直木三十五という、時代を駆け抜けた熱狂。
第1章:ラジオが体温を報じた男
大正末期から昭和初期にかけて、日本の出版界および大衆文化において空前絶後の支持を集めた作家がいた。直木三十五である。
彼の社会的影響力は、現代におけるエンターテインメント界のスターと比較しても類を見ない規模に達していた。
1934年(昭和9年)2月、直木が脊椎カリエスにより入院すると、その動静は社会現象となった。当時の主要メディアであった日本放送協会(NHK)のラジオニュースは、連日トップニュース扱いで「直木氏の容態」を速報し続けた。
「直木氏、本日午前十時の体温、三十九度二分」
スピーカーから流れる具体的な数値に対し、聴衆は固唾を呑んで推移を見守った。一作家の体温の変化が、全国放送を通じてリアルタイムで共有され、国家規模の関心事となった事象は、日本の近代出版史上においても他に例を見ない。
当時、文壇では芸術性を重視する「純文学」が主流であったが、直木は一貫して「大衆文芸」の確立に尽力した。
彼は読者が求めているものが高踏的な文学理論ではなく、日々の生活を営むための娯楽や、一時的な現実忘却であることを冷徹なまでに洞察していた。
1930年代に入り、満洲事変を経て日本社会が戦時体制へと傾斜し、言論や生活に閉塞感が漂い始める中、彼の描く波瀾万丈な物語は、国民的な「欲求」の受け皿となった。
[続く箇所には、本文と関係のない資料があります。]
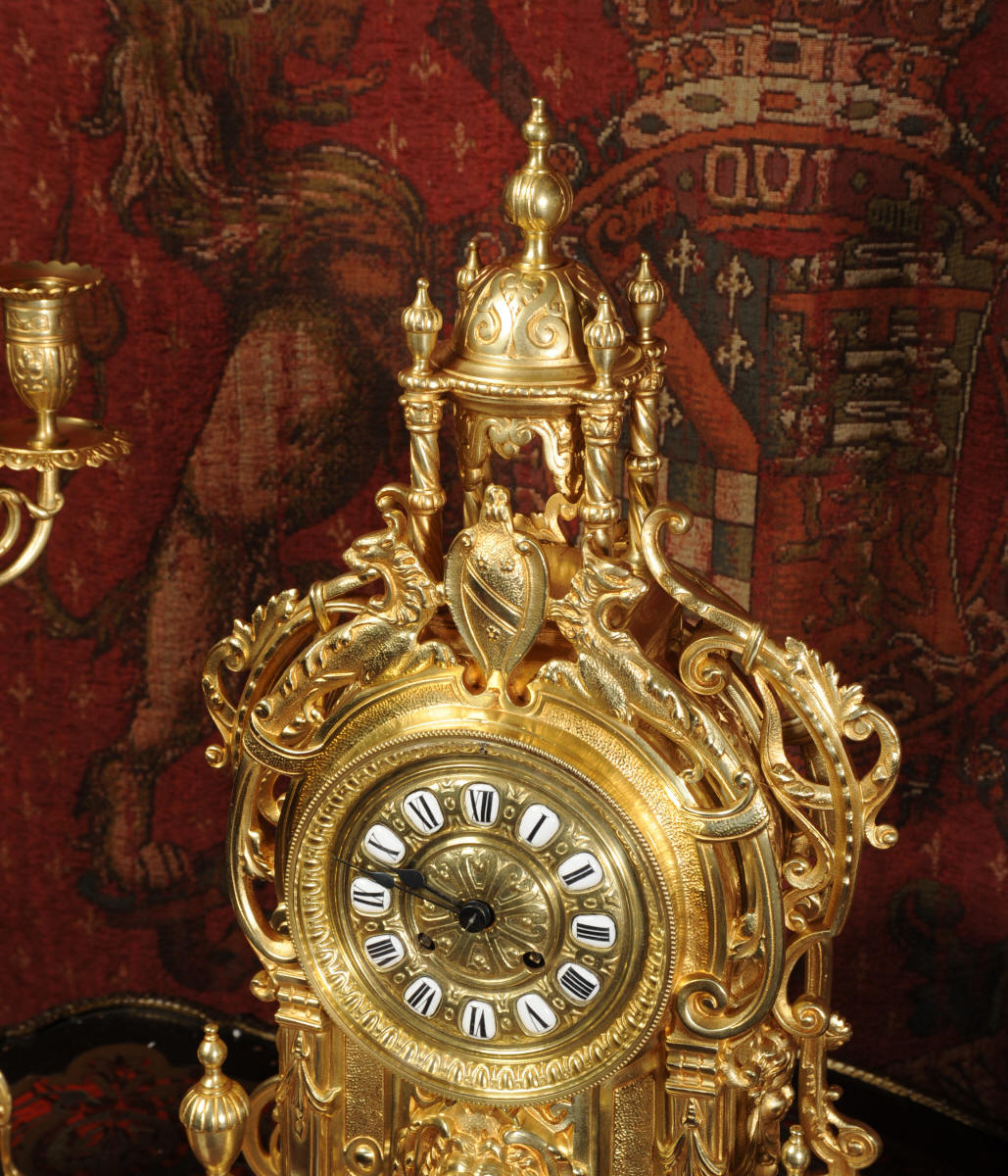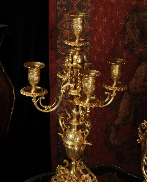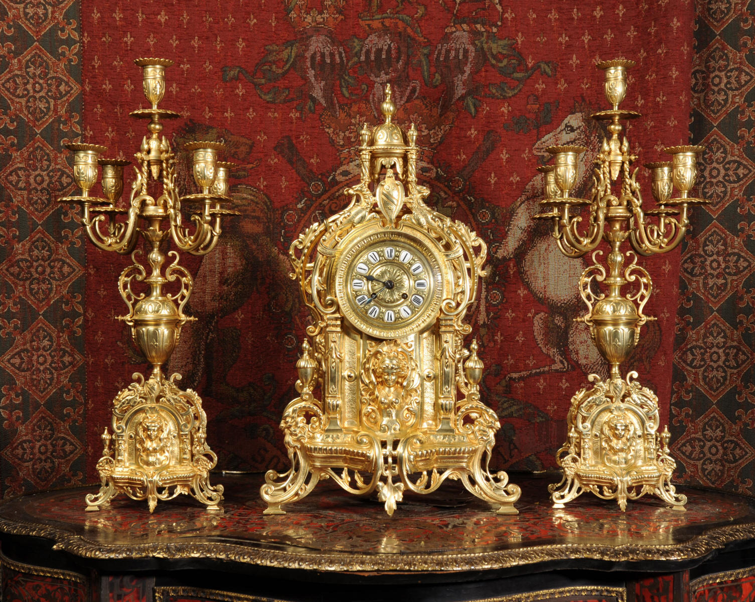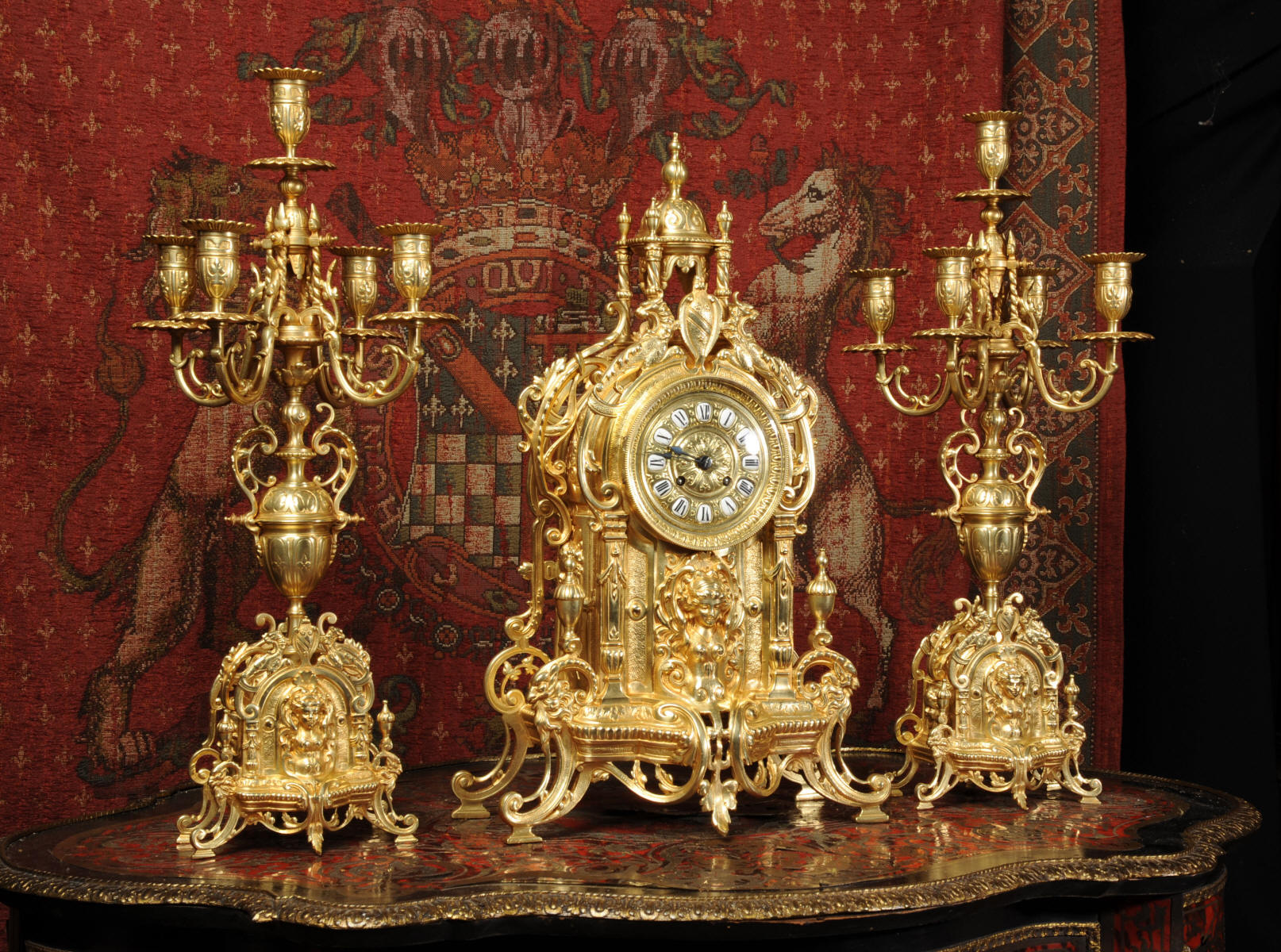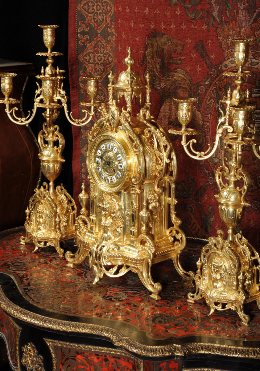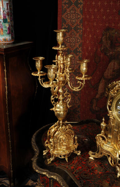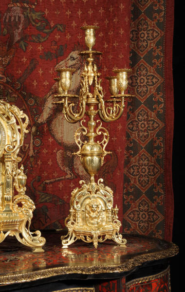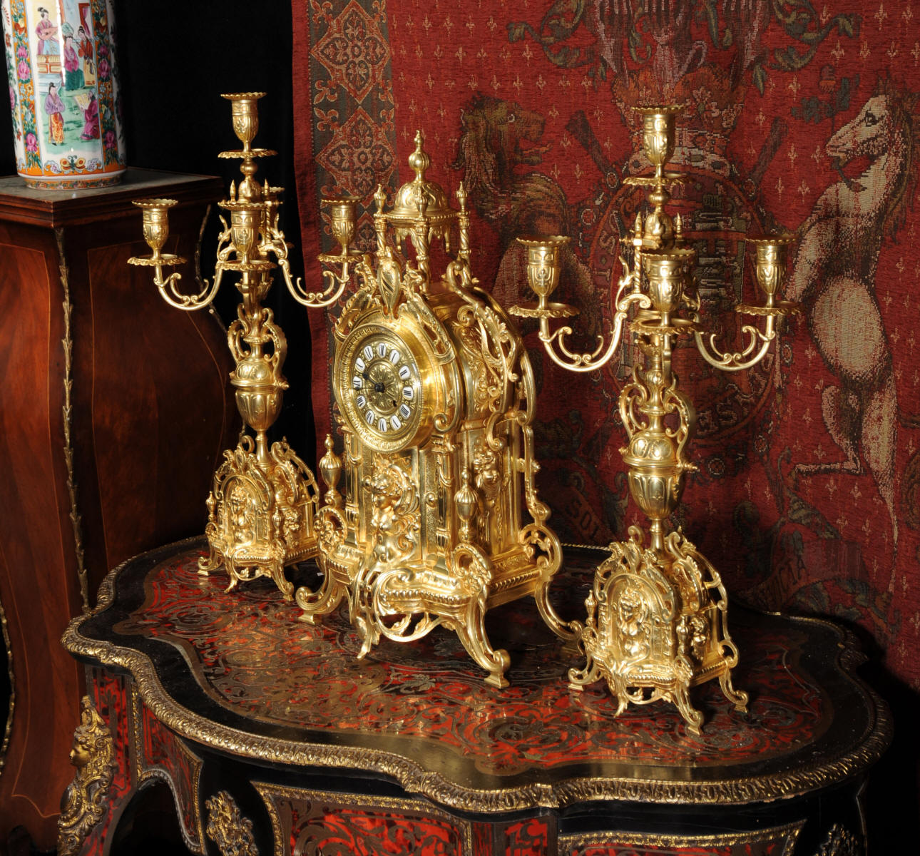 Above the dial are a pair of mythical creatures sitting on the arched top of the case with a shield between. To the top of the case is a domed temple with four pillars. Candelabra are conforming in style, with four branches. This is a large and beautifully detailed clock set, with a lovely original gild. The rear door is glazed with frosted glass. The French movement is by Japy Freres and has the makers mark on the movement backplate. It is of high quality and is in excellent clean and running condition having been fully overhauled by our clockmaker. Pendulum is a replacement. It runs for 8 days and strikes the hours and halves on a bell. Click the video clip below to hear the bell and watch the clock running! Condition of the case is excellent, the original gilding is beautifully clean and bright with hardly any wear or discolouration and there are no losses. The dial is also in excellent condition just a few tiny nibbles to the cartouches. Candelabra are slightly distorted. The rear door has some scratches to the glass. The set makes a stunning display as you can see below.

彼は時代の要請に応じるように、過密な執筆スケジュールをこなし、文字通り自らの生命を削って大衆の渇望を満たし続けたのである。
第2章:三十一、三十二、三十三……変幻自在の筆名
彼の名前は、固定された権威ではなく、消費される「記号」に過ぎなかった。
直木三十五、本名・植村宗一は、1891年(明治24年)に大阪市南区(現・中央区)の古物商の家に生まれた。
彼は生涯を通じて、一つの定まった地位や場所に安住することを拒む、流動的な生き方を貫いた。
その姿勢はペンネームにも表れており、本名の「植村」の「植」を分解した「直」「木」に、その時の満年齢を組み合わせ、「直木三十一」「直木三十二」と毎年更新していった。
この特異な改名作業は、1931年(昭和6年)、41歳の時に「直木三十五」と名乗った際、親友で文藝春秋社社長の菊池寛から「いい加減にしろ」と諭されるまで続いた。
皮肉にも、彼はこの「三十五」という数字を、自らの戒名の一部として、墓石に刻むこととなったのである。
安定とは無縁の彼の生き様は、その経歴にも如実に示されている。
早稲田大学英文科を月謝未納で除籍処分となった後、大阪で中学英語教師、雑誌編集者、そして一攫千金を狙った化粧品製造販売など、職を転々と変えた。
関東大震災が発生した1923年(大正12年)に帰阪すると、彼はまだ産業として黎明期であった日本映画界の熱狂に身を投じる。
直木は「映画」という新しい大衆メディアの持つスピード感と可能性に魅了された。
「連合映画芸術家協会」を設立し、自ら脚本の執筆、監督、撮影技師までこなすという多才ぶりを発揮した。
彼は活字の世界に留まらず、映像という媒体を通じて、自身の生み出す物語をより多くの大衆に届けるための新たな表現手法を模索し続けたのである。
1935年(昭和10年)、文藝春秋社社長・菊池寛の手によって、日本文学界の双璧をなす二つの文学賞が同時に創設された。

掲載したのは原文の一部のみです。